The prize was awarded for the first time in Worms in 1996 and since 1999 it is awarded every two years. The winners were:
- 1996: Richard Schröder, theologian and philosopher, for his unwavering position in the GDR. Prize awarded in Worms.
- 1999: Hans Küng, theologian: awarded in Eisenach for the firmness with which he represented his theses on the Catholic doctrine of the faith.
- 2001: Uta Leichsenring: Police President of Eberswalde; Awarded in Erfurt for her courageous behaviour against right-wing extremism and xenophobic attacks.
- 2003: Gertraud Knoll : Austrian pastor and politician; Awarded in Magdeburg for her commitment against racism.
- 2005: Stephan Krawczkyk : Singer and author; awarded in Halle for his performances in churches, despite censorship by the SED communist regime.
- 2007: Emel Zeynelabidin: awarded in Speyer for her decision of not wearing a headscarf as a Muslim.
- 2009: Andrea Röpke: journalist and political scientist; awarded in Zeitz for her research on right-wing groups and subsequent fight against right-wing violence.
- 2011: Dmitri Muratow and Novaya Gazeta : awarded in Heidelberg, for their efforts against corruption and violations against human rights and for their attachment to the freedom of speech and of the press in Russia.

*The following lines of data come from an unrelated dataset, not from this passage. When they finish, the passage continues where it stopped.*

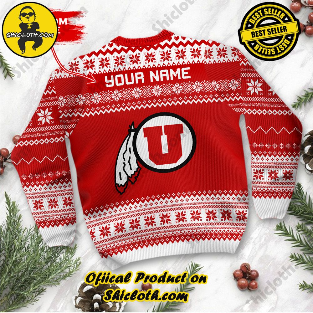 NCAA Utah Utes Grinch Custom Name Ugly Christmas Sweater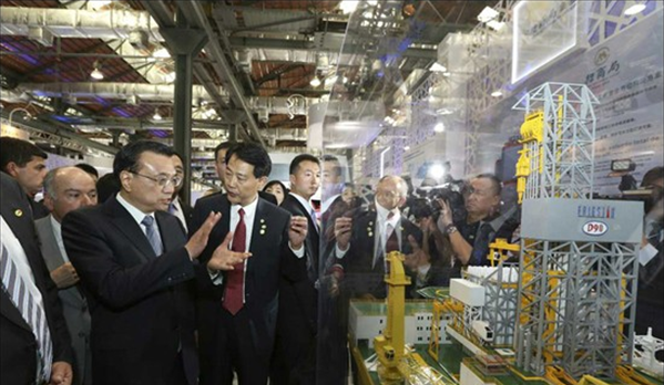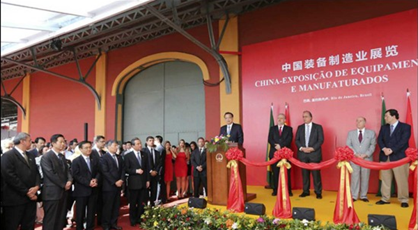 當地時間20日,李克強在里約熱內盧州州長佩藏和巴西外長維埃拉的陪同下來到里約民港碼頭,參觀正在這里舉辦的中國裝備制造業展覽,并為展覽開幕剪彩。展覽包括鐵路及軌道交通、電力、通信、金融等10個板塊,代表國內裝備制造業最高水平的30家中國企業參展。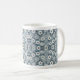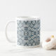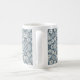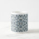 Diese Tasse hat einen grauen Hintergrund mit weißen Blumen.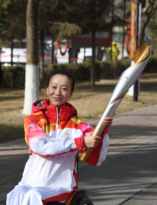 3月4日,火炬手劉巖在北京冬殘奧會火炬傳遞活動中。新華社記者李欣攝
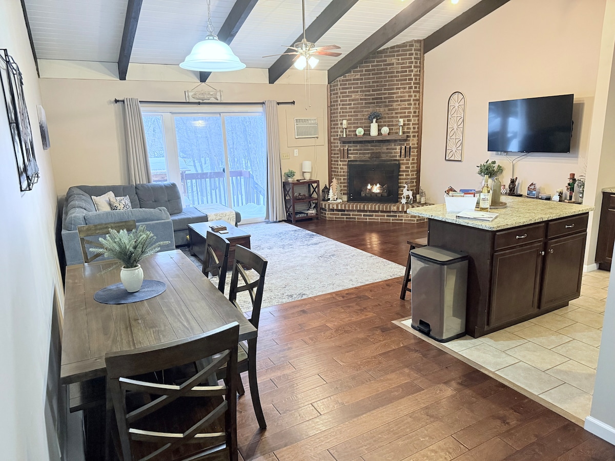Ski slopes open on December 15! Bring the whole family and friends to our stylish, cozy unit, just a walk away from ski slopes, water parks, indoor pool, tennis courts, sauna, hot tub, and more. Enjoy the local villages, with the nearby hiking trails, waterfalls and breathtaking scenery, nearby casino. Indoors you have cozy living area with a wood fireplace, 3 large screen smart TVs, super fast WiFi. Get comfortable with central AC for hot weather days and a fully equipped kitchen for cooking.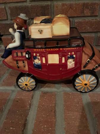 Have 3 ceramic Wells Fargo stagecoach ceramic cookie jars. Lid is the luggage on top. Never used, in new condition. $30 each cookie jar.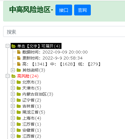 比官方好用的 中高风险地区查询,打开网页就能用,可以查询,带API
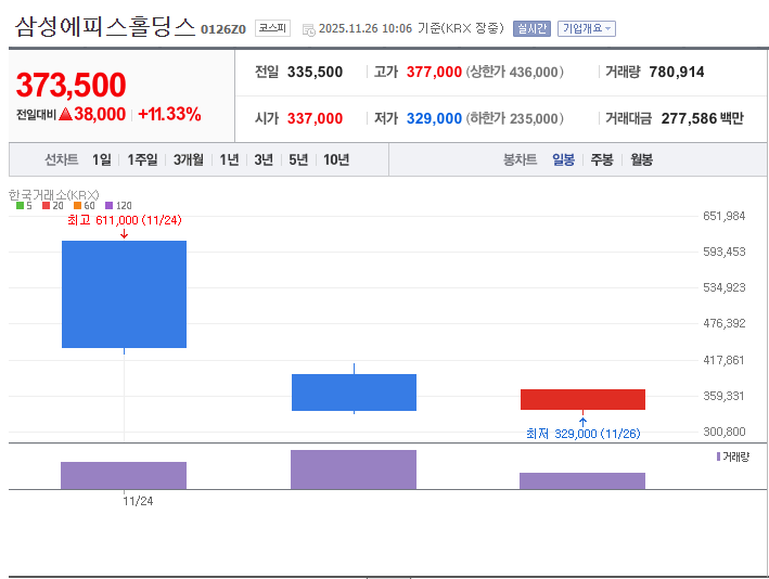📊 삼성에피스홀딩스 주가 급락 타임라인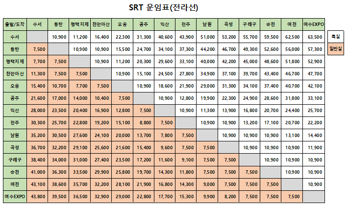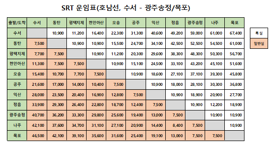 SRT 요금은 좌석 등급(일반실·우등실)에 따라 달라집니다.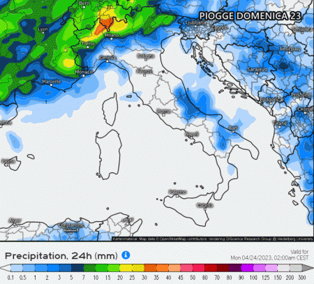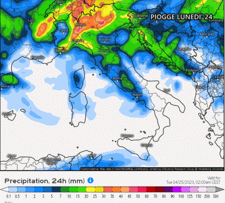 LUNEDI’ 24 – Corposo peggioramento su tutto il nord. In arrivo una saccatura fredda nord-atlantica foriera di temporali e locali forti grandinate. Temporali più intensi su Lombardia, Liguria, Trentino con accumuli abbondanti. Maltempo in estensione al centro Italia. Più stabile, momentaneamente, al sud.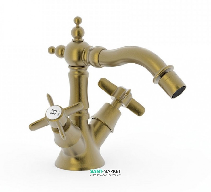 1) Смеситель для биде Tres Tres-Сlasic двухвентильный состаренная латунь матовая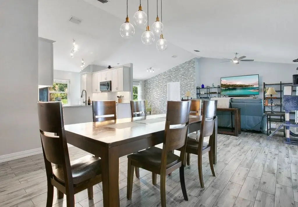 Discover your dream home in the heart of Minneola! This stunning property at 17927 E. Apshawa Rd offers the perfect blend of modern comfort and serene surroundings. Nestled on a peaceful backroad, this completely updated home (see attached update list) boasts a spacious 3 bedrooms, 2 bathrooms, open concept living area, updated kitchen with black stainless steel appliances, a beautiful pool on 5+ acres with additional shared access to recreation and a dock on the private lake. With 1,719 sq ft of beautifully designed living space, this home is ideal for families, entertainers, or anyone seeking a tranquil escape. The property features an unattached apartment, a large pool that was installed with a salt filtration and waterfall in 2020, a large deck for entertaining with a screened enclosure, there are tile floors and vaulted ceilings throughout, new light fixtures and paint, walk-in closets in all the bedrooms with ample storage, the kitchen has soft closed cabinets with crown molding, under cabinet lighting and Quartz countertops and the Primary bathroom has a spa-like feel with walk-in shower, oversized tub, dual sinks and door leading to the pool, and is move-in ready for your next chapter. Enjoy the sunsets and sandhill cranes on this spectacular property. Don't miss this opportunity to own a slice of paradise in Minneola! Schedule a private tour today and experience the charm of 17927 E. Apshawa Rd for yourself. The Apshawa Groves area is off the beaten path, emphasizing seclusion and natural beauty, which makes it ideal for those seeking a quiet retreat. However, its proximity to Highway 27 and Clermont ensures that urban conveniences are never far away. The combination of lakeside activities, community events, and easy access to shopping, dining, and schools makes this location highly desirable for families, retirees, or anyone looking for a balanced lifestyle. Enjoy the best of Florida living with Outdoor Recreation and Natural Beauty: Lake Minneola (approx. 4-5 miles away), Lake Louisa State Park (approx. 10-13 miles), Minneola Trailhead Park (approx. 4 miles), Downtown Clermont restaurants and Breweries, shopping. Turnpike access at N. Hancock road is less than 10 minutes away. Top rated schools. Hospitals within 10 minutes away. New siding coming for the ADU.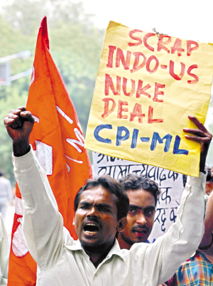 這一協議曾被看作是印美兩國加強戰略合作的象征。然而今年8月協議雙邊文本公布后,印度政壇掀起一陣波瀾。印度主要反對黨人民黨認為該協議出賣了印度國家利益,左翼政黨則認為該核協議干預了印度外交政策的獨立性,都表示強烈反對。本月初,支持執政聯盟的左翼政黨表示,如果政府堅持要執行該協議,他們將不再支持政府,而將提前舉行大選。

- 2013 : Keine Bedienung für Nazis : Initiative of a few hotel owners in Regensburg of not providing service for racists at their institutions. Pussy Riot was controversially nominated for this price. Awarded in April 2013 in Eisleben.
- 2015: Mazen Darwish, Syrian lawyer and journalist; and the Syrian Centre for Media and Freedom of Expression, awarded in Wittenberg.
- 2017: Markus Nierth, former honorary mayor of Tröglitz, and his wife Susanne Nierth as well as anti-Nazi couple Horst and Birgit Lohmeyer, awarded in Torgau for their action against right-wing extremism.